State is copping a blast for delaying dams

THE Labor State Government has been accused of stalling the development of North Queensland's water resources because its politicians don't like building dams.

State Natural Resources Minister Anthony Lynham hit back, saying the Coalition Federal Government is announcing water funding "for political reasons" without understanding why the assets should be developed. The stoush comes as Townsville Enterprise awaits a State Government sign-off so it can begin a business case into the Hells Gates Dam proposal on the Upper Burdekin River.

The Federal Government has committed $24 million to the business case, as well as $30 million for an associated Big Rocks Weir at Charters Towers, but the Labor Government must sign-off on the spending because water is a state responsibility.

Charters Towers Regional Council Mayor Liz Schmidt urged the State Government to agree to the work.

"The project guarantees new work for local businesses and our community stands ready for this project to begin," Cr Schmidt said.

"Charters Towers Regional Council is urging for the next phase to commence and hopes the State Government can provide a clear ­direction for when this is likely to happen.

"The construction of Big Rocks Weir is vital for the development and progression of our region."

Deputy Prime Minister Michael McCormack said the government wanted to progress its water infrastructure commitments to construction as quickly as possible, preferably in partnership with the State Government, so the jobs and investment could start to flow.

"We provided a signed funding schedule for the (Hells Gates) project to the Queensland Government in early July. The full $24 million has been committed to the project and will be provided once Queensland agrees to countersign the funding agreement," Mr McCormack said.

Dr Lynham said his department had reviewed a pre-feasibility assessment of Hells Gates Dam, identifying uncertainties on the demand and affordability of water and that the project did not align with the Burdekin Basin Water Plan.

"Funding of $54 million was announced by the Federal Government pre-election for Hells Gate (and) Big Rocks Weir for political reasons, without any detail or context," Dr Lynham said.

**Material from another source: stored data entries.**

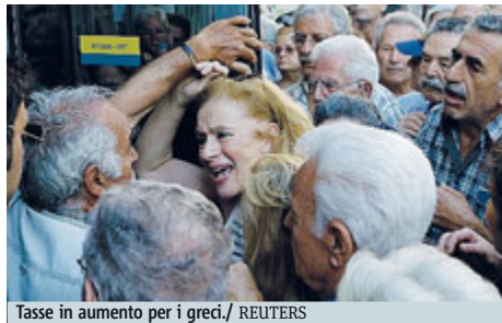
Tasse in aumento per i greci.

entrate dello Stato (le misure inizialmente previste e bocciate valevano 8 miliardi). Lo rivela il quotidiano economico greco Naftemporiki, secondo cui sarà questa la carta che Tsipras presenterà ai creditori. Per Naftemporiki, ci sarebbe anche il dettaglio di alcuni interventi: la tassazione per le aziende salirebbe dal 26 al 28%, l'I-
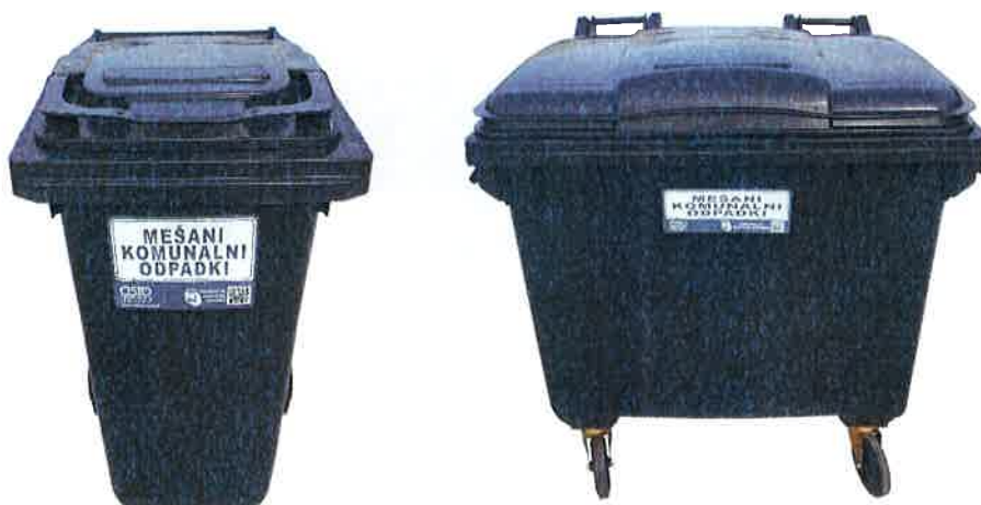
Fotografija 2 in 3: Posode za mešane komunalne odpadke
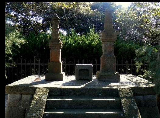
三浦按針の墓に着きました。
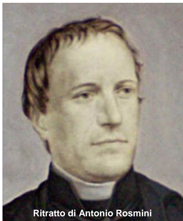
Ritratto di Antonio Rosmini

L'esperienza di Rosmini suggerisce un'ulteriore condizione per colui che crede, pensa e dialoga: l'umiltà. La sua vicenda è stata segnata anche da sofferenze e umiliazioni non piccole proprio da parte di coloro che egli amava nella fede. Attesta una umiltà profonda che si tradusse nella più
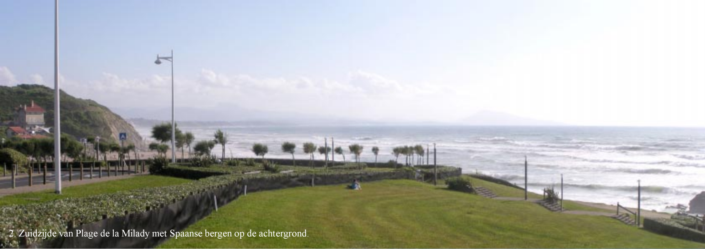
2. Zuidzijde van Plage de la Milady met Spaanse bergen op de achtergrond.
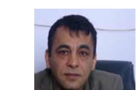
د.زهيم، الامتئاع عن التجمع في العيادات الطبية الخاصة والمشافي ودور التعزية، في إشارة منه إلى افتقار العالم للقاح العلاجي لمواجهة الفيروس وأنه لا يوجد له لقاح أفضل من الوقاية الذاتية في الوقت الحالي.

وتابع الطبيب الذي أصيب أيضا بهذا الفيروس، ويتابع تطورات انتشاره في المنطقة والعالم، حديثه بالفول أنه «مع دخولنا فصل الخريف المرفق ببعض البرد حتماً زاد من حجم المشكلة، هناك بشكل يومي أكبر ويحصد الأرواح يوميا لدرجة أصيب بها الكثير عشرات الإصابات بالإضافة إلى الوفيات. كورونا
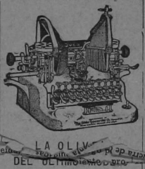
LA OLIVER DEL ÚLTIMO TIPO

Trece americanos han sido arrestados en Metlayuca, Estado de Puebla. El Consol inglés en Tuxpan trata de obtener su libertad.
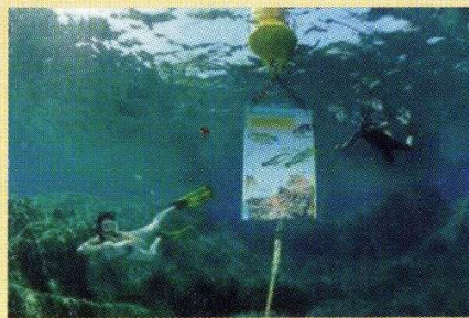
Sentier Sous-Marin à Port Cros
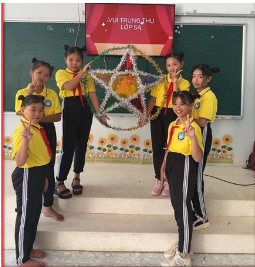
Chủ đề “Vui Trung thu “ Làm lồng đèn Trung thu
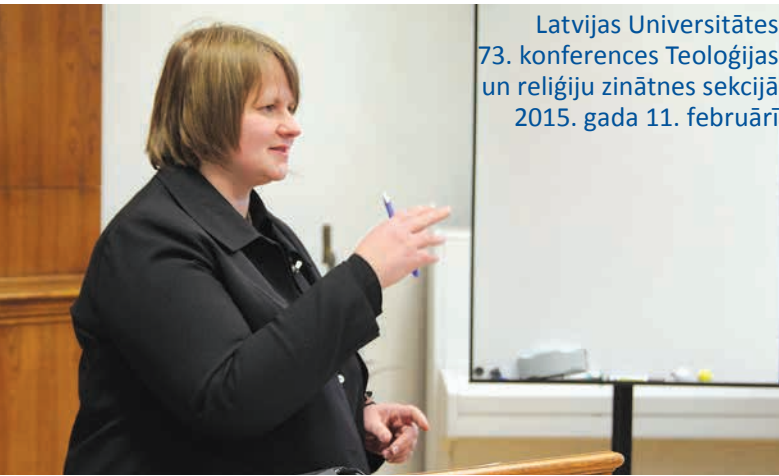
Latvijas Universitātes 73. konferences Teoloģijas un reliģiju zinātnes sekcijā 2015. gada 11. februārī

Dr Lynham said the government would continue to "constructively engage" with the Federal Government on the next phase of the proposal.

Katter's Australian Party State MP Robbie Katter said he was aware of the state's reluctance to building dams, if necessary using process to "lock it up".

He said KAP wanted to see more involvement from the Charters Towers council and farmers who had initially proposed the Big Rocks Weir and more of a focus on economic development rather than on the commercial returns of selling water.

Townsville Enterprise CEO Patricia O'Callaghan said they were leading a consortium of 12 local businesses and were waiting on confirmation of an agreement between the federal and state governments that would allow them to proceed.

"There is some frustration around the delay in commencement but we understand that agreements between state and federal governments do require detailed review," Ms O'Callaghan said. "We stand ready to proceed."

It is understood construction of the Big Rocks Weir near Charters Towers - also dependent on agreement by the state - could begin within six months of the start of the business case.